### [TASK PROMPT]
All of the data is to be written out again exactly, without the pictures.

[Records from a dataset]
++++++++

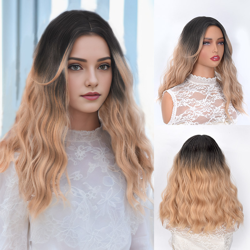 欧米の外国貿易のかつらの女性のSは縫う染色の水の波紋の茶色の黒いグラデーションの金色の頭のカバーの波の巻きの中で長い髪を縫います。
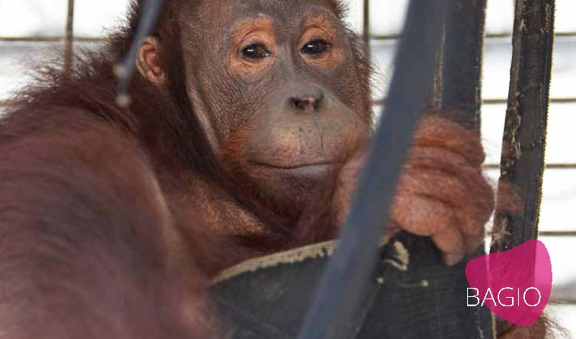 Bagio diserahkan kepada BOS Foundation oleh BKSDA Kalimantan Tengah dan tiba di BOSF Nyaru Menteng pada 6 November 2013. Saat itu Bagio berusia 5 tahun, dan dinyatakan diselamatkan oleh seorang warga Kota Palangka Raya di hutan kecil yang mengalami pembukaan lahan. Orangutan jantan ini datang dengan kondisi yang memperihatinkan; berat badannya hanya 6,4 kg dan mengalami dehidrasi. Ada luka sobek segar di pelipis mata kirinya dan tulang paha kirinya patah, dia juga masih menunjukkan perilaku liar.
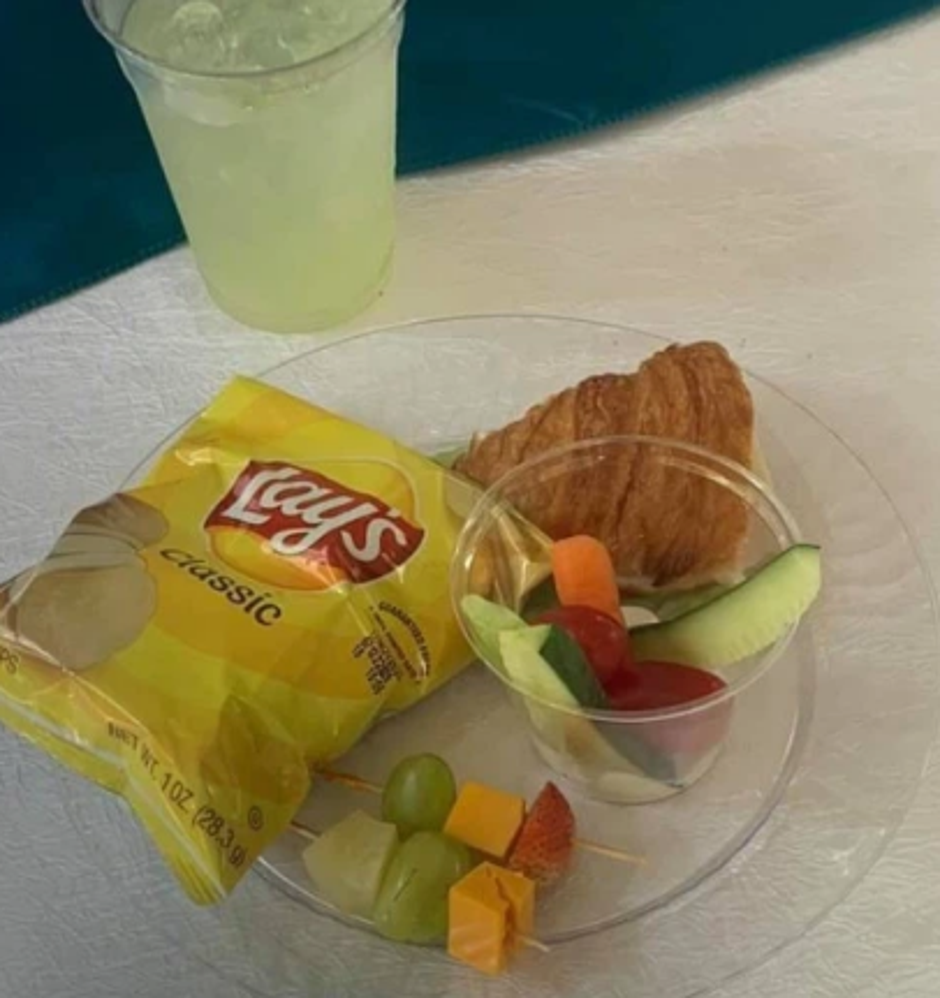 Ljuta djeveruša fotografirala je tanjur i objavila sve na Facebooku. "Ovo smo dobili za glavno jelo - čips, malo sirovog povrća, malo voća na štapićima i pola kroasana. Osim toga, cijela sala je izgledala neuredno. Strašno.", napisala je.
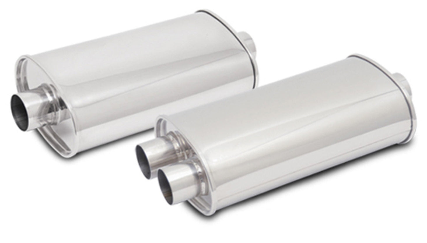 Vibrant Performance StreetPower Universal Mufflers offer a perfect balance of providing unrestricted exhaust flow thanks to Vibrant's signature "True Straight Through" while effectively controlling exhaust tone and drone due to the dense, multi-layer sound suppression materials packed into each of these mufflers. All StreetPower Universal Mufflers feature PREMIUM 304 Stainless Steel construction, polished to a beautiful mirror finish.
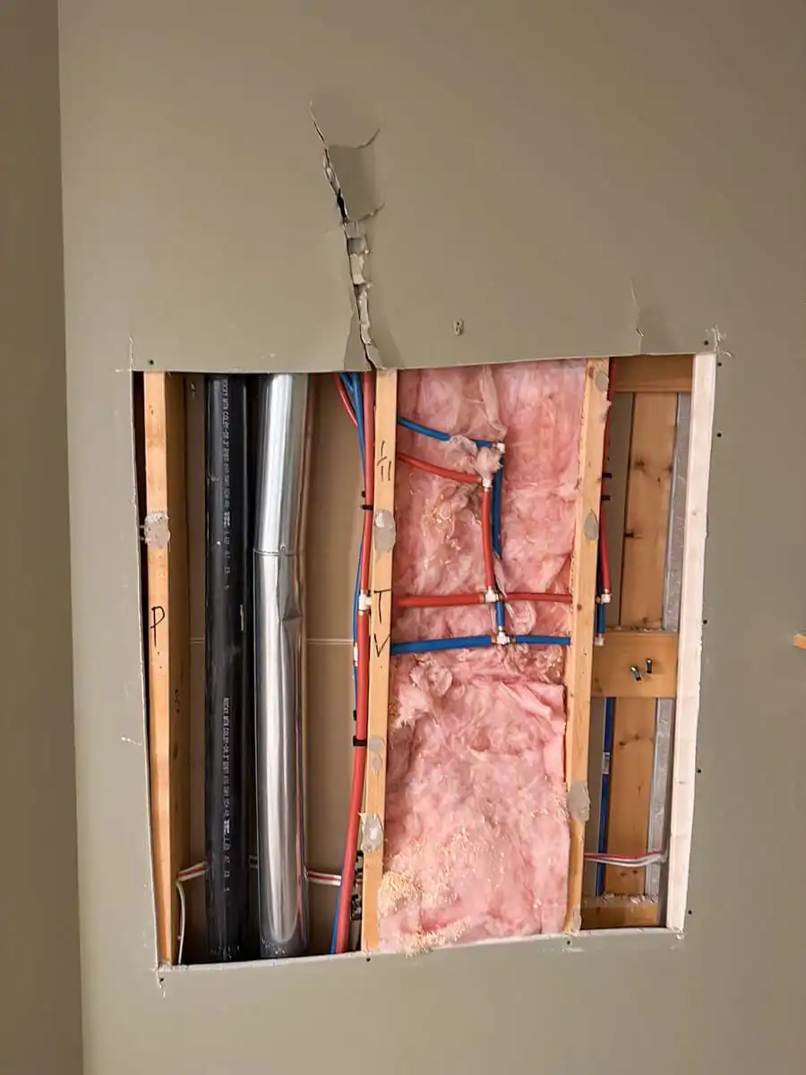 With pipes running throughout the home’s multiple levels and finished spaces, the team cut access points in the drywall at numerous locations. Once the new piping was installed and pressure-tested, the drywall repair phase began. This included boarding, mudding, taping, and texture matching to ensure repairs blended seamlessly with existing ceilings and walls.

++++++++

### [ANSWER SECTION]
 欧米の外国貿易のかつらの女性のSは縫う染色の水の波紋の茶色の黒いグラデーションの金色の頭のカバーの波の巻きの中で長い髪を縫います。
 Bagio diserahkan kepada BOS Foundation oleh BKSDA Kalimantan Tengah dan tiba di BOSF Nyaru Menteng pada 6 November 2013. Saat itu Bagio berusia 5 tahun, dan dinyatakan diselamatkan oleh seorang warga Kota Palangka Raya di hutan kecil yang mengalami pembukaan lahan. Orangutan jantan ini datang dengan kondisi yang memperihatinkan; berat badannya hanya 6,4 kg dan mengalami dehidrasi. Ada luka sobek segar di pelipis mata kirinya dan tulang paha kirinya patah, dia juga masih menunjukkan perilaku liar.
 Ljuta djeveruša fotografirala je tanjur i objavila sve na Facebooku. "Ovo smo dobili za glavno jelo - čips, malo sirovog povrća, malo voća na štapićima i pola kroasana. Osim toga, cijela sala je izgledala neuredno. Strašno.", napisala je.
 Vibrant Performance StreetPower Universal Mufflers offer a perfect balance of providing unrestricted exhaust flow thanks to Vibrant's signature "True Straight Through" while effectively controlling exhaust tone and drone due to the dense, multi-layer sound suppression materials packed into each of these mufflers. All StreetPower Universal Mufflers feature PREMIUM 304 Stainless Steel construction, polished to a beautiful mirror finish.
 With pipes running throughout the home’s multiple levels and finished spaces, the team cut access points in the drywall at numerous locations. Once the new piping was installed and pressure-tested, the drywall repair phase began. This included boarding, mudding, taping, and texture matching to ensure repairs blended seamlessly with existing ceilings and walls.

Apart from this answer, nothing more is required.